Your objective: Beginning with the line below that contains "Швензы для сережек-крючки" and ending with the line that contains "The password (PSK)", retype every line exactly. Pictures are not copied.

Data extracts:
▼

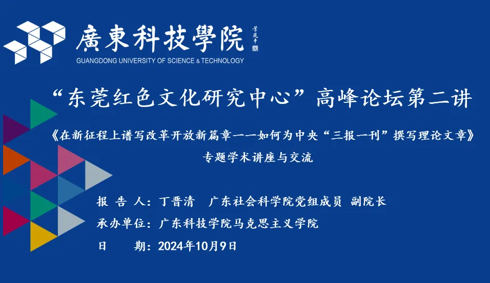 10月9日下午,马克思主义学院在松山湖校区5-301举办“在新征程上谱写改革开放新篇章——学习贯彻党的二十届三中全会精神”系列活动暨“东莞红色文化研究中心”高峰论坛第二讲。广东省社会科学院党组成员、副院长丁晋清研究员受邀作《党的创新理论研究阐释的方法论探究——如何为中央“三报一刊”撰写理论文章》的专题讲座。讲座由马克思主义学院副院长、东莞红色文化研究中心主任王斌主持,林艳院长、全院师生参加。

▲
▼

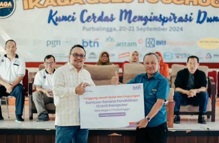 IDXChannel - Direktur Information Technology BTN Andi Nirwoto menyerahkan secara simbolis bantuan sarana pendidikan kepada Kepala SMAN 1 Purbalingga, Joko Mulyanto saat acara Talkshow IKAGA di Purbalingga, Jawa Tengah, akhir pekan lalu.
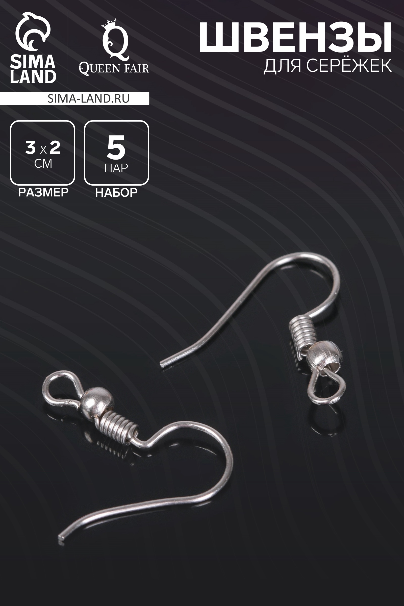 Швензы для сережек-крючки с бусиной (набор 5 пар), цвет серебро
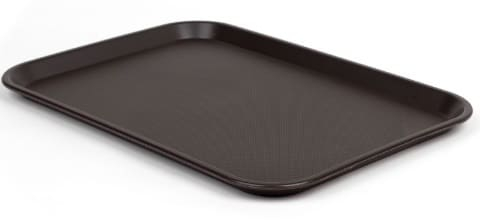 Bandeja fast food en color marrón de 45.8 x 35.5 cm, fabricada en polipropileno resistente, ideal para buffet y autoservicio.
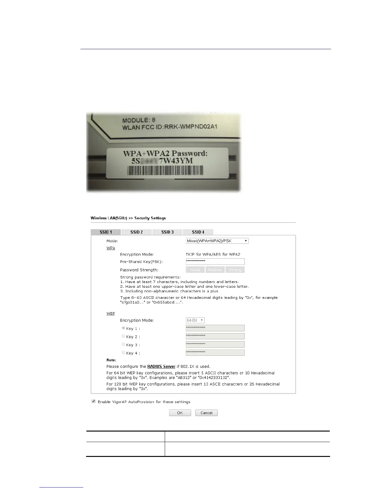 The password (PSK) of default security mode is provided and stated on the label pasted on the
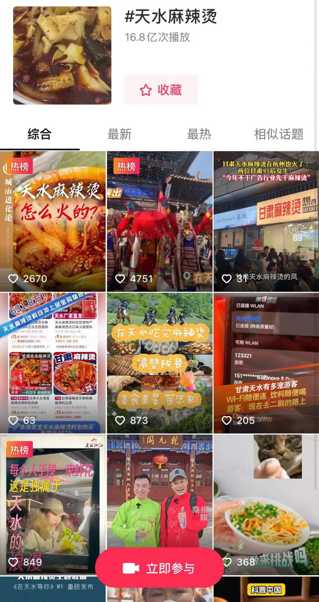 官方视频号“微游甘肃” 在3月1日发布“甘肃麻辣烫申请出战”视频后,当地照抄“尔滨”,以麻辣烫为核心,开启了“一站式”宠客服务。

▲

Finished exercise:
 Швензы для сережек-крючки с бусиной (набор 5 пар), цвет серебро
 Bandeja fast food en color marrón de 45.8 x 35.5 cm, fabricada en polipropileno resistente, ideal para buffet y autoservicio.
 The password (PSK) of default security mode is provided and stated on the label pasted on the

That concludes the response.